陆逐风沉默一瞬,看著左肩喷涌而出的鲜血,眸色越来越阴沉。
魏昭寧趁机翻身下床,儘管腿软,还是拼尽了所有力气往外跑。
在她看不见的地方,陆逐风的眼神里有痛恨、有不可思议、有愣怔。
“和我接触,就这么让你反感?”陆逐风不可置信道。
魏昭寧跑远了,一股脑衝出侯府,自然是听不到他这番话的。
魏昭寧想也没想就到了摄政王府,见到裴翊的一瞬间,不安和恐惧才渐渐消散。
她一言不发,只是哭。
裴翊的眸色越来越深,“寧寧。”
“可是谁欺负你了?”
魏昭寧不说话,將脸埋在他掌心,很快,眼泪便从裴翊宽厚的手掌上淌落下来。
她不知道该怎么办,这样无助的时候该去找谁,本能地反应就是来找裴翊。
等她哭够了,她才惊觉地意识到,不能再继续待在侯府了。
她抬起头,一双美眸水波涟漪,郑重道:“之前说的,还做数吗?”
裴翊愣怔,浑身细细颤抖,声音都有些麻木,“寧寧,你说,什么?”
魏昭寧咽了咽口水,一脸认真道:“改嫁,到王府。”
裴翊胸腔跳动快了半拍,指尖无意识颤抖著,眼眸中划过一抹星光,很快又被压下来,他轻轻咳了两声,“自然做数。”
魏昭寧一颗心落到了实处。
“那便儘快吧,多谢王爷帮我这个忙。”
裴翊看出点不对劲来了,“是不是陆逐风欺负你了?”
说这话时,他声音压得很低,周身的气氛瞬间冷了下来,不禁让魏昭寧心里有些发毛。
裴翊缓和了脸色,道:“他该是活腻了,这几日便不要回侯府了,就在王府等著,我会儘快去办。”
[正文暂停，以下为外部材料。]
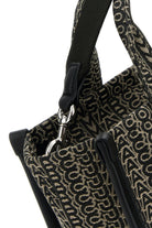 Shopping bag realized in canvas characterized by embroidered logo on the entire surface.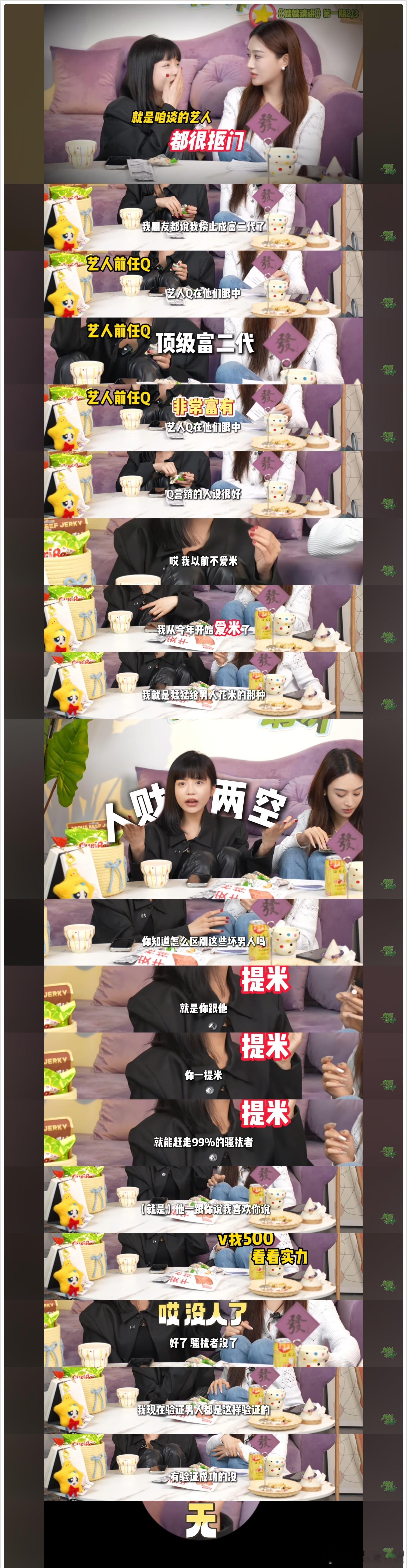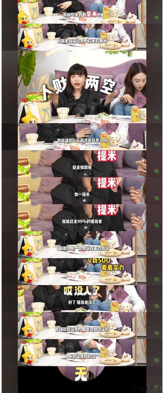 司晓迪去年参加辛雨锡的《嫂嫂请讲》说谈的艺人都抠门。有男艺人有顶级富二代人设,但是就是人设,相处也是她花米。追求她的男生给她花了一千五,分开后她就会给三千对方。她一般都是给对方花双倍或者更多的人。“我就是猛猛给男人花米的那种”司晓迪说判断验证一个人是不是坏男人,就是提米。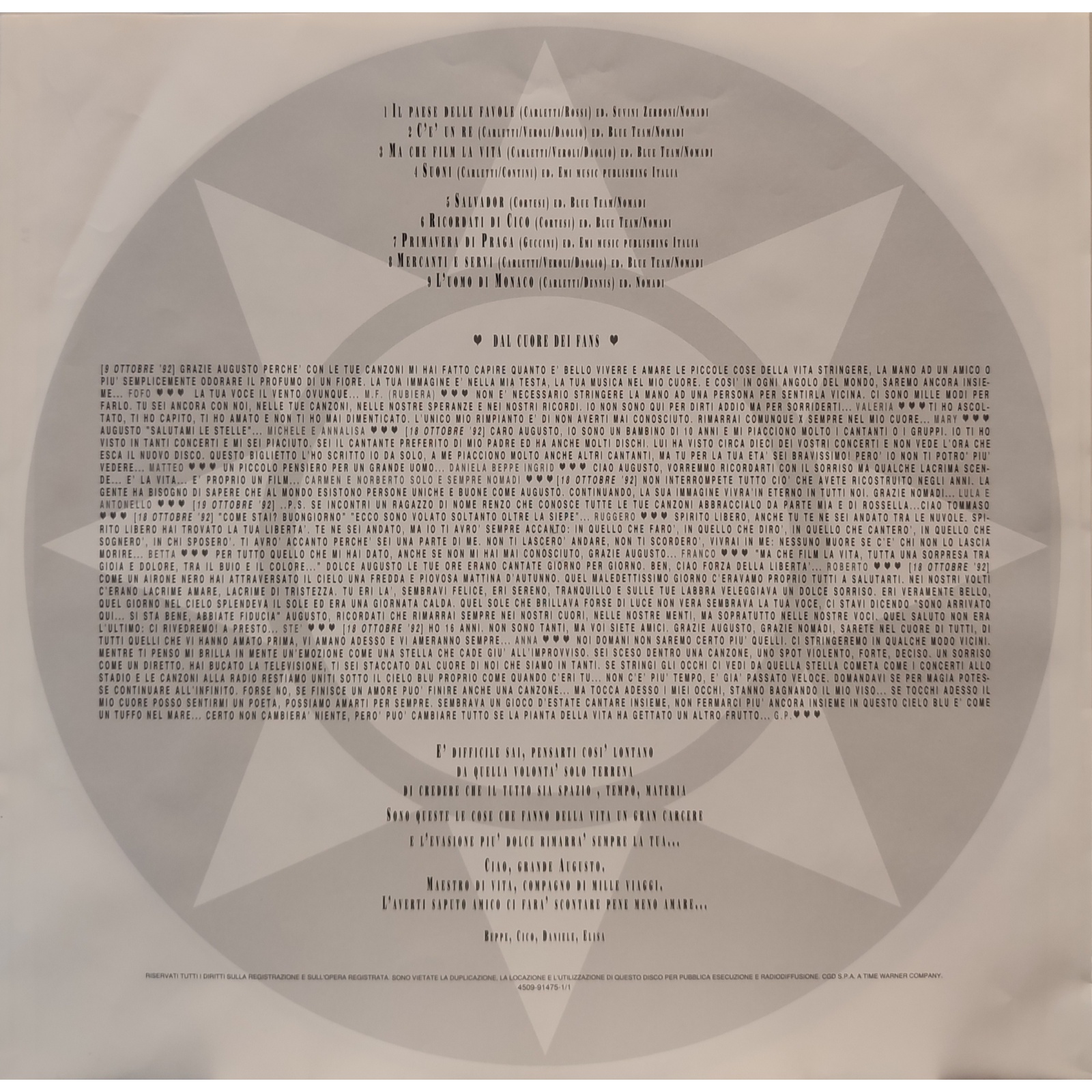 Il disco è considerato commovente da tutti i fan dei Nomadi, perché, nonostante il peggioramento delle sue condizioni di salute, Augusto Daolio continuava a tenere concerti con l'entusiasmo di sempre.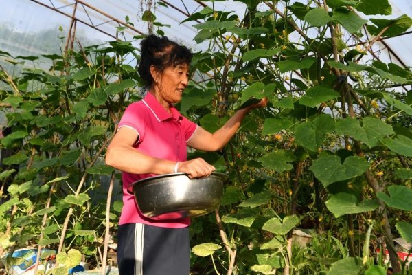 沿著村路往前走,房屋整齊,路面整潔,花草相伴,偶有瓜果的清香縈繞鼻尖。采訪組看到了一戶農家門前掛著“郵選小園地5號園”的綠色小牌匾。郵政工作人員說,這里就是正在火熱進行中的郵政小園菜項目貨源終端,由郵政實地考察認證,承諾整個農作物的種植過程綠色健康。別看每家小菜園的規模比較小,但這個項目卻是村民們最津津樂道的,也是最接地氣的。
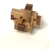 Stepping Burr is a very tricky level 10 interlocking burr puzzle. The unconventional nature of the six pieces results in some very unusual movements. Crafted from figured Ash and Leopardwood, this puzzle looks gorgeous when solved and is a fine addition to any interlocking puzzle collection.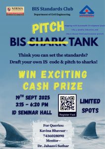 The BIS Student’s Chapter – Department of Civil Engineering, Nirma University Standard Chapter – Civil Engineering successfully organized the event “BIS Pitch Tank” on 19th September 2025 at the ID Seminar Hall, Nirma University.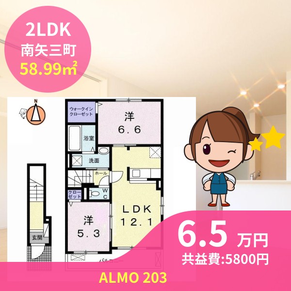 月額賃料は6.5万円で、共益費は5800円です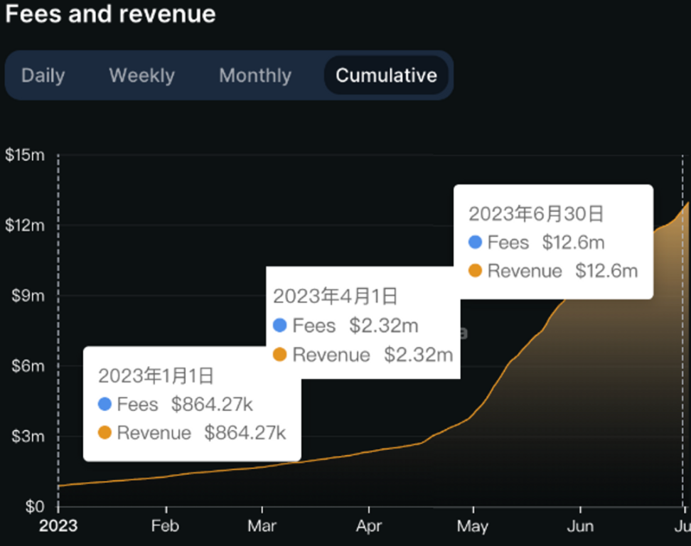 从 Defillama 的数据中可以得知,其 2023 年累计收入接近 12 M USD,近三个月 Memecoin Season 更是快速的入帐约 10 M USD,可以说是这一季度最会赚钱的项目方之一。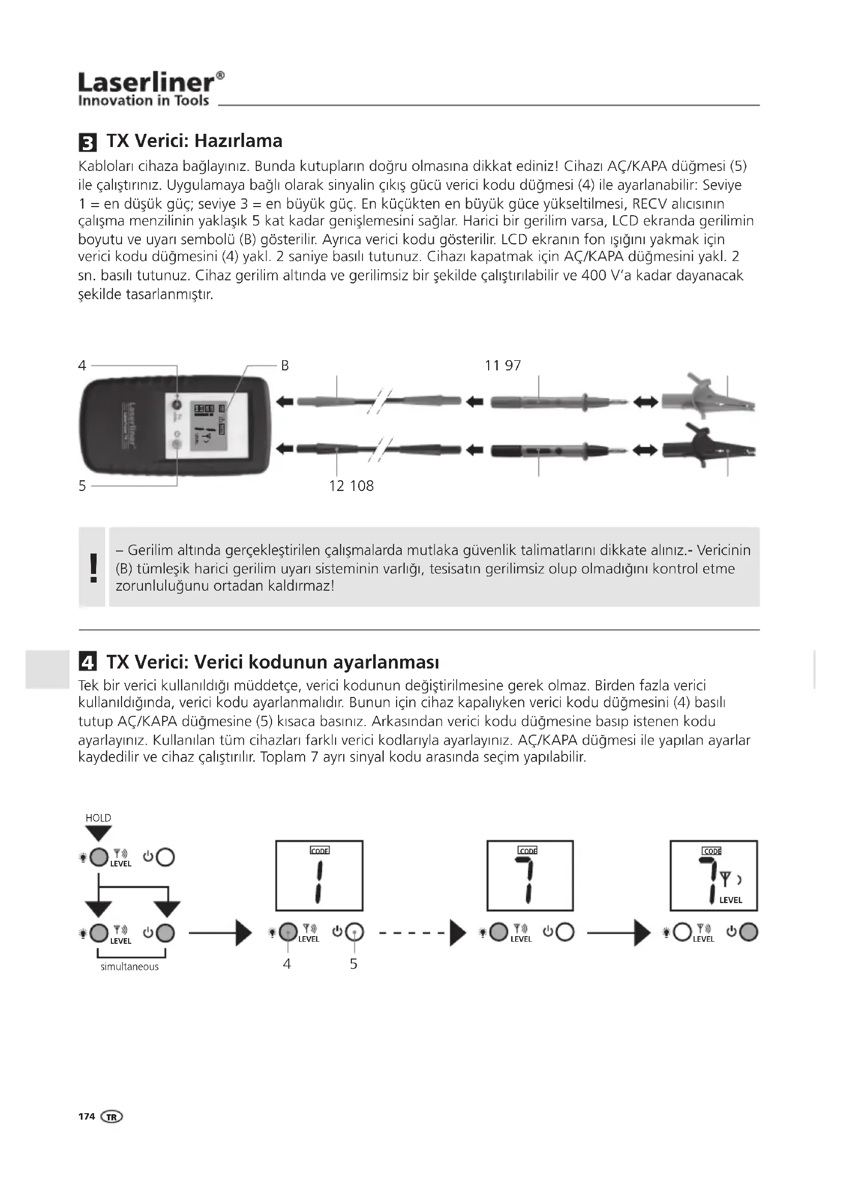 simultaneous HOLD CODE LEVELLEVELLEVELLEVEL CODE LEVEL CODE LEVEL KablolarÚ cihaza baŒlayÚnÚz. Bunda kutuplarÚn doŒru olmasÚna dikkat ediniz! CihazÚ AÇ/KAPA düŒmesi (5) ile çalÚŭtÚrÚnÚz. Uygulamaya baŒlÚ olarak sinyalin çÚkÚŭ gücü verici kodu düŒmesi (4) ile ayarlanabilir: Seviye 1 = en düŭük güç; seviye 3 = en büyük güç. En küçükten en büyük güce yükseltilmesi, RECV alÚcÚsÚnÚn çalÚŭma menzilinin yaklaŭÚk 5 kat kadar geniŭlemesini saŒlar. Harici bir gerilim varsa, LCD ekranda gerilimin boyutu ve uyarÚ sembolü (B) gösterilir. AyrÚca verici kodu gösterilir. LCD ekranÚn fon ÚŭÚŒÚnÚ yakmak için verici kodu düŒmesini (4) yakl. 2 saniye basÚlÚ tutunuz. CihazÚ kapatmak için AÇ/KAPA düŒmesini yakl. 2 sn. basÚlÚ tutunuz. Cihaz gerilim altÚnda ve gerilimsiz bir ŭekilde çalÚŭtÚ rÚlabilir ve 400 V‘a kadar dayanacak ŭekilde tasarlanmÚŭtÚr. TX Verici: HazČrlama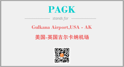 英文缩略词“PAGK”经常作为“Gulkana Airport,USA - AK”的英文缩写来使用,中文表示:“美国-英国古尔卡纳机场”。本文将详细介绍英文缩写词PAGK所代表英文单词,其对应的中文拼音、详细解释以及在英语中的流行度。此外,还有关于缩略词PAGK的分类、应用领域及相关应用示例等。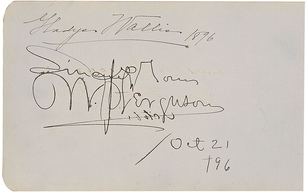 Actor (1845–1930) who was the call boy at Ford's Theatre when John Wilkes Booth shot President Lincoln and fled. Ferguson was described as the last surviving eye witness. Rare ink signature, “Sincerely yours, W. J. Ferguson, Oct 21/96,” on a light blue 7.5 x 4.75 album page. Page is also signed by Gladys Wallis above Ferguson, and on the reverse by Nellie McHenry. In fine condition, with a couple of light brushes to signature and some slight mirroring of ink from a signature on the opposite page.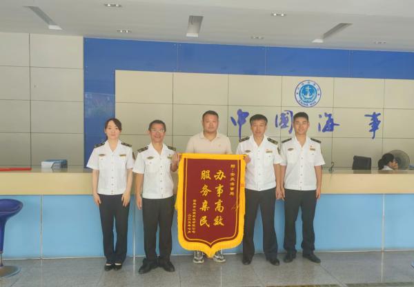 7月21日上午,安庆海事局政务中心迎来安庆某航运公司经理夏先生送来“办事高效 服务亲民”锦旗一面。原来该公司有一条拆解船舶“袁柏**”,7月14日来我局政务中心办理注销登记,政务中心窗口服务人员高效服务于7月16日完成所有证书注销。公司夏经理感慨道:“非常感谢你们热心服务,只在一个窗口交一次材料,第三天就通知我所有证书注销都完成了,效率真是翻天覆地,为我们争取了宝贵的经济效益!”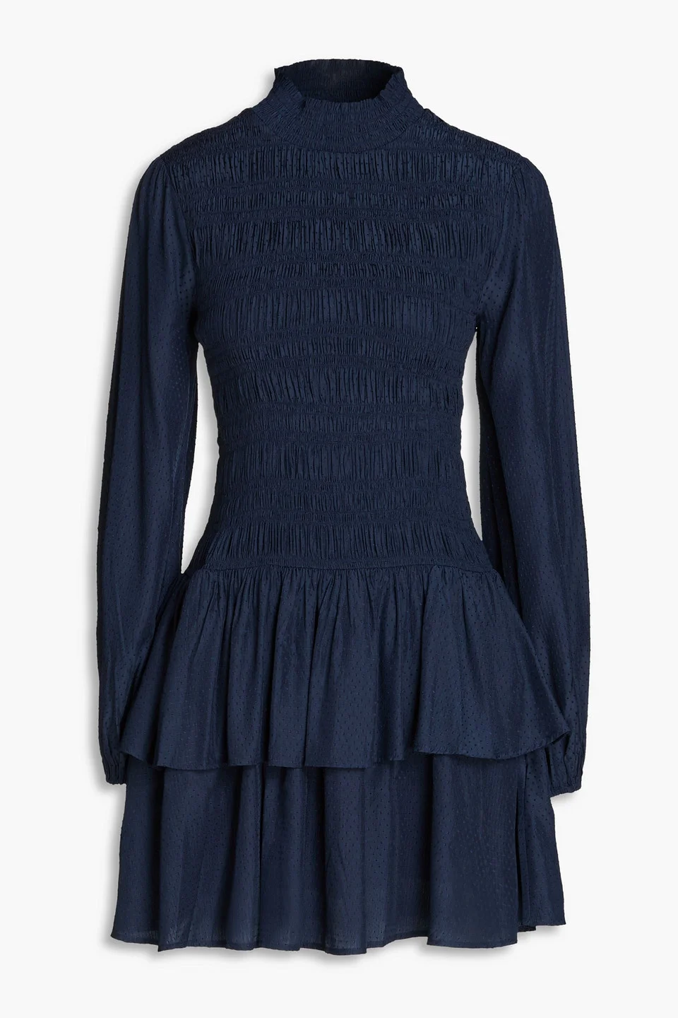 Shirred ruffled Swiss-dot mini dress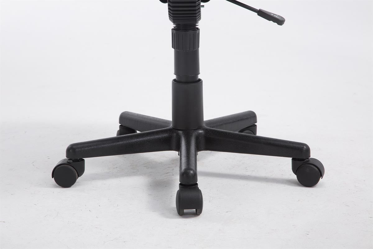 La chaise repose sur un piétement en plastique solide, conçu dans un système de 5 branches à roulettes légères qui assure la mobilité de ce fauteuil de bureau.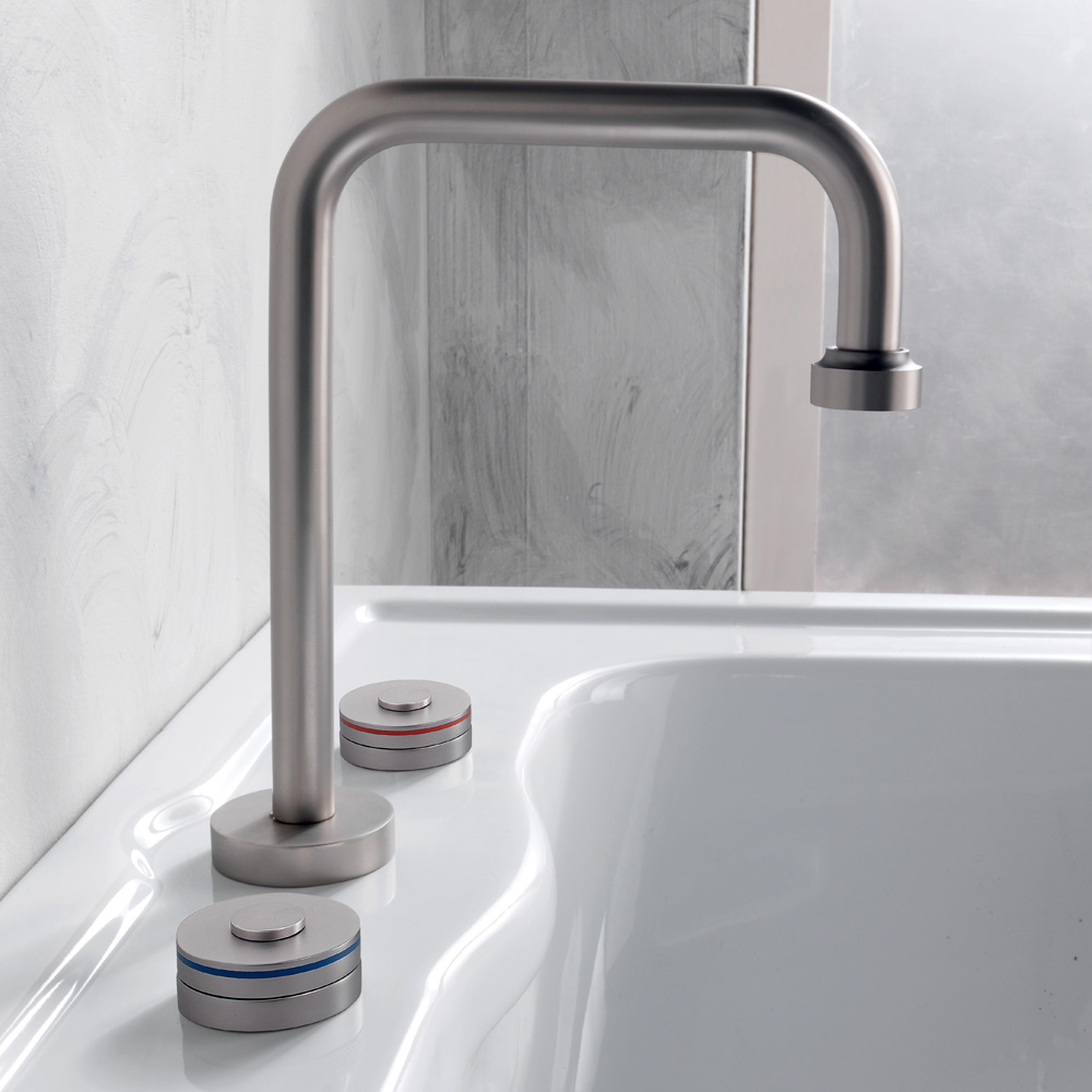 Moderno mezclador de lavabo de latón de 3 orificios con desagüe Made in Italy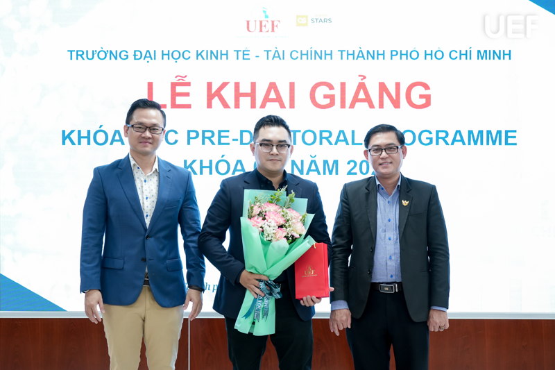 Tham dự buổi lễ có Ban Giám hiệu Nhà trường, đại diện Viện Đào tạo sau đại học, các phòng ban, trung tâm cùng toàn thể học viên khóa học. Phát biểu khai giảng, TS. Ngô Minh Hải - Phó Hiệu trưởng UEF cho biết, chương trình này đã được ấp ủ từ lâu và nay đã hội tụ đủ nguồn lực để triển khai. Thầy nhấn mạnh, khóa học sẽ mang lại cho người học môi trường nghiên cứu cùng các giảng viên uy tín, giàu kinh nghiệm công bố quốc tế, từ đó giúp học viên tự tin và sẵn sàng khi bước vào chương trình tiến sĩ.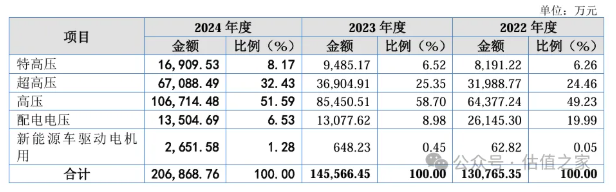 如上表,发行人产品主要应用在特高压、超高压、高压、配电电压、新能源车驱动电机用五大领域,其中高压以上的非常规输电领域的营收占比分别为89.96%、90.57%、92.19%,递增趋势明显。而在常规的配电领域,发行人的营收占比从19.99%一路暴跌至6.53%,市场份额缩水严重。至于新兴起的新能源车驱动电机用领域,对营收的实际贡献几乎可以忽略不计。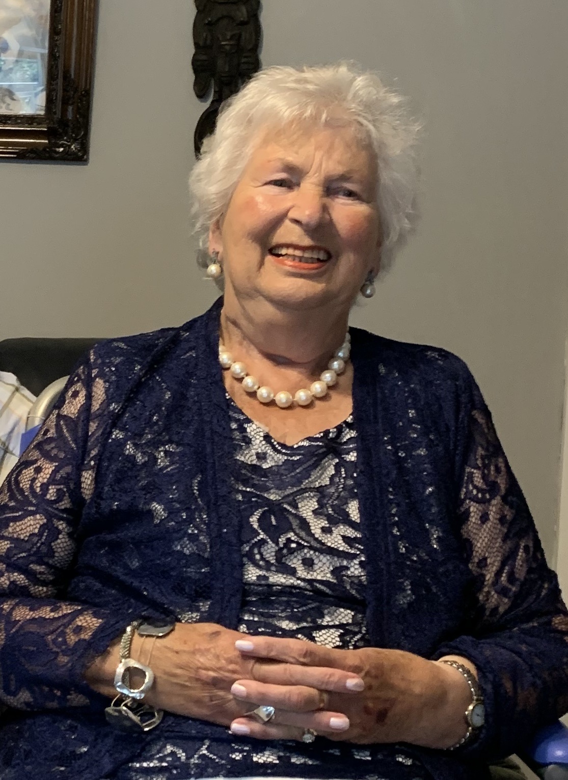 Deeply missed by her loving husband Matt; sons Bryan, Conor, Neil, and Eoin, daughters in-law Joan, Aileen, Clodagh, and Karen; sisters Una, Tess, and Phil; brothers in-law Michael and Pat; grandchildren Caitriona, Éilis, and Ellie; Aoife, Donal, Dearbhla, and Cliodhna; Niamh, Aimée, Lara, and Rowan; Emily, Tommy, and Ógie; great-grandchild Lyra; nephews, nieces, and her wide circle of friends.

魏昭寧一顿,“不成,我还有事情要回侯府交代,王爷,之前我对你诸多误会,將你派来的侍卫赶走了,眼下这几日,你能不能......”
“当然。”
*
方才,陆逐风手按著左肩,看著魏昭寧逃走的背影,咬紧了牙关。
到底是怎么回事!
魏昭寧最想要的不就是这个么?现在做这副样子给谁看!
那见了鬼似的逃离让他心中埋藏已久的不安又冒了上来,他隱隱感觉到,魏昭寧是不是已经不爱他了?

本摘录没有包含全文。